The requirements for "continuous loads" last appeared in 1996 NEC, Section 220-3. It has been deleted since the additional 25% was not a true load value. The requirements are found in the other articles for sizing the conductors and the overcurrent devices. Refer to 215.3 Overcurrent Protection, Section 230.42(A)(1), and 210.19(A)(1)where the continuous loads and non-continuous loads are addressed. The size of the overcurrent devices and wire size are determined by the preceeding rules.
 

radiopet

Senior Member
Location
Spotsylvania, VA
Re: Sizing feeders for continuous and noncontinuous loads

You need to make sure you keep the two different calculations just that...different.

When sizing for the service you calculate it using guidelines of 220.

In the lastest codes the Continuous impact is now felt in the indivisual calculations rather than in the old method. Simply calculate the service and using the guidelines of 220 will compensate for the requirements because the continuous loads are now configured in the actual branch feeders calcs and so on.
 

gporter

Member
Location
NW Pennsylvania
Re: Sizing feeders for continuous and noncontinuous loads

Thanks for the replys--however

I?m still not certain what load to use. I?m trying to determine if an existing building has a large enough feeder to be able to add a new load. It seems to me that article 220 recognizes that there will be some diversity of loads, and lets you use a smaller feeder because not everything will be on at once. However, if I calculate the load on the feeder using the installed branch circuit loads (non-continuous plus 125% continuous) I get a much higher load ? because of this 125% factor. It seems like this would happen for any service or feeder designed using article 220 loads ? when you analyze the finished installation using 125% continuous plus non-continuous, you will be overloaded!

gp
 

wirenut1980

Senior Member
Location
Plainfield, IN
Re: Sizing feeders for continuous and noncontinuous loads

gporter, I think everyone thought you were talking about designing a new service or feeder, but given this new information, I agree that the Article 220 calculations and actual demand will be very different from one another. As you know, adding loads to an existing building requires that you have a very good idea of what the existing peak loading is. I think I am getting in over my head. :eek:
 

petersonra

Senior Member
Location
Northern illinois
Occupation
engineer
Re: Sizing feeders for continuous and noncontinuous loads

There are also times when you need to use common sense in thinking these things through. A lot of times, you are either close to the max load on a panel board, or no where need its capacity.

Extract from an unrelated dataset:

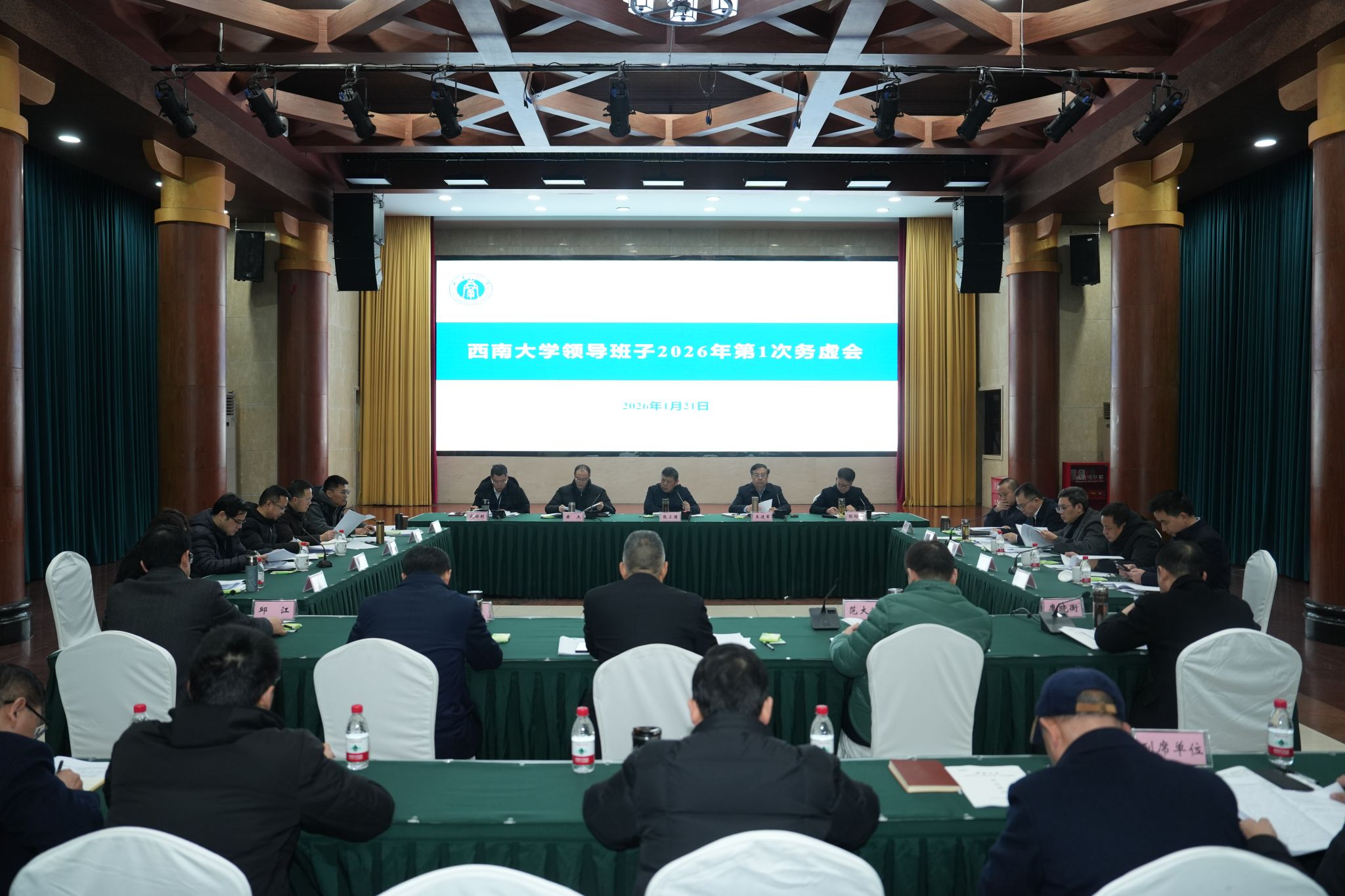 1月21日,学校在东方红会议厅召开校领导班子2026年第1次务虚会,围绕科技创新服务地方经济社会发展、拔尖创新人才培养、120周年校庆、“十五五”规划、2026年工作要点等进行交流研讨。党委书记张卫国,校长、党委副书记王进军分别主持会议。

If you are close to using most of the current capacity of an existing panelboard that should tell you to run a new circuit regardless of what the calcs might tell you.

If you have a 200A panelboard and it typically uses only 50A, that should tell you something as well, again, regardless of what the calcs tell you.

Once your brain decides what you should do or can get away with, then try and decide if you can justify what you want to do using the code.

You will usuually find that the code makes a lot of sense most of the time. If you use it wisely, you don't have to think everything out to the nth degree everytime.